Is it bad that I cannot distinguish them? I grew up with them being interchangeable.
I think myself in love but really, I feel too guilty to leave them.
When other’s take pity on me, I take flight and shut them out.
My mother (who was more like a daughter to me) called God Love; she herself was the only prophet. I held her when she saw ghosts in our living room, when she sobbed herself to nightmares, when she locked herself into her study for days.
I prayed to Love to save her, and felt guilty when I wished for it all to end.
Love never answered, and it was up to me to break my mother’s heart.
I moved far away and thought a new love would save me.
I disavowed the God who had abandoned me.
I made friends with those who I would hate to have as enemies, and hoped they would protect me. I chose careers that would have filled my old self with pride, though my new self was hollowed. I spend so long making others comfortable, I only realised when I had given away my dignity.
I became fake, pretending to like when I was too scared not to. Guilty of being too lovely.
Terrified of being chosen last, I put myself there first.

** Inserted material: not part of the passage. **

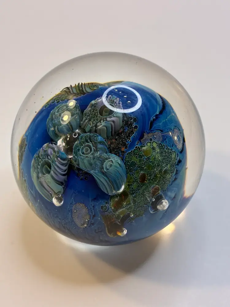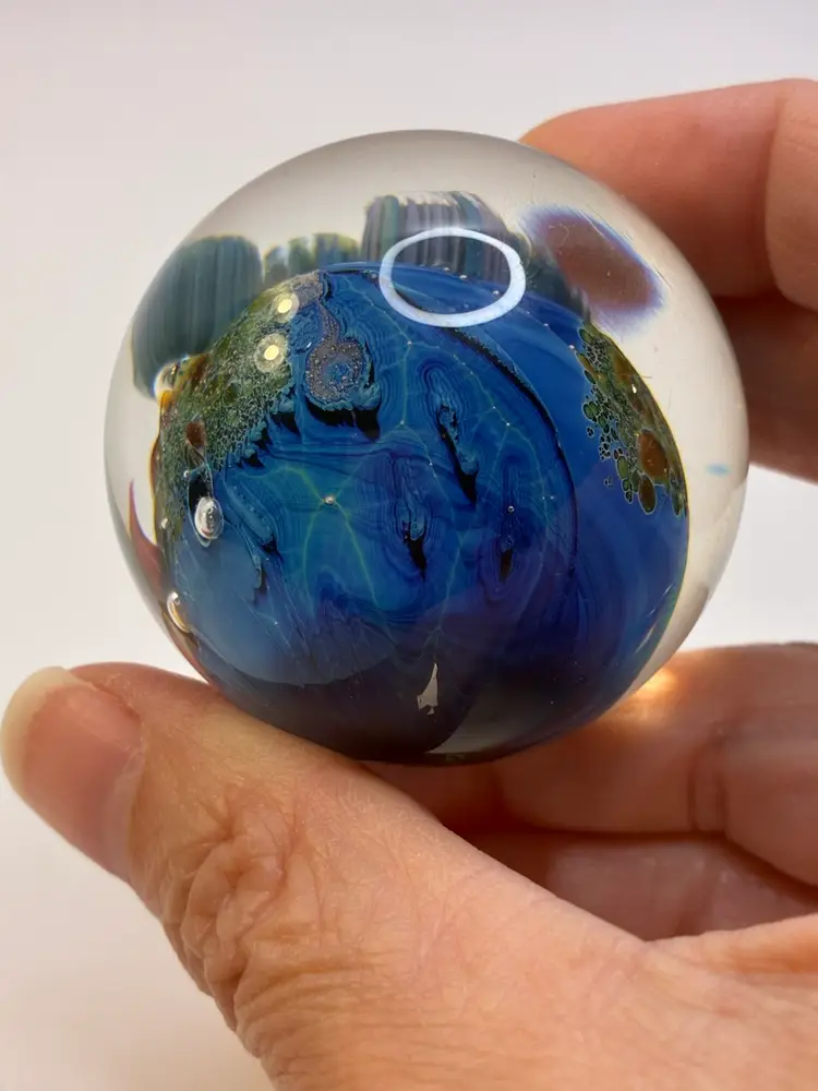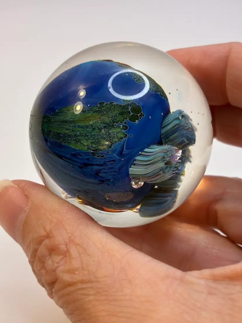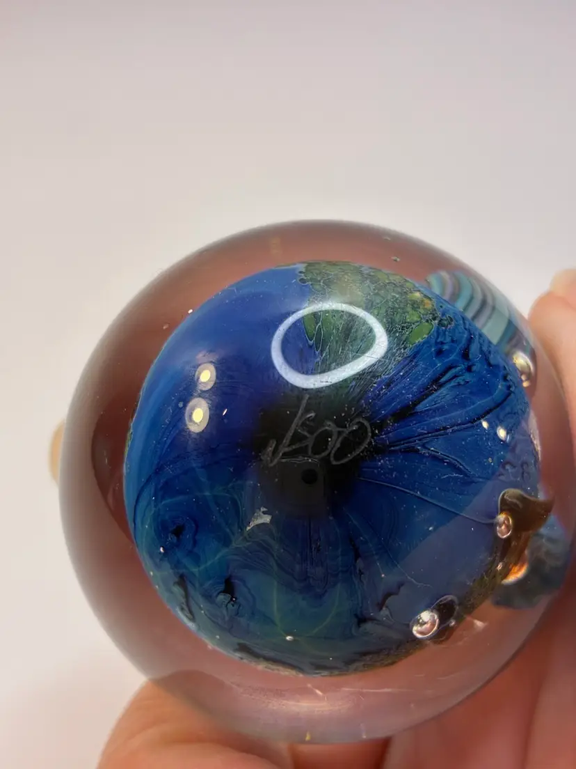 Josh Simpson Art Glass 1.5 Inch Inhabited Planet Signed and Dated "JS00"

I thought my malady a life sentence.
Of course, it is only a disease as long as I allow this self-pity. As long as I think myself hopeless.
I was in love with feeling too guilty to care.
I was obsessed with thinking too little of me.
When others love me, they must be broken too.
It’s a game designed to keep me cut off, and I had started to cheat.
There were rules to finding love I discovered.
I learned to be patient and honest, most of all to myself.
Love was no longer punishment, and I no longer God.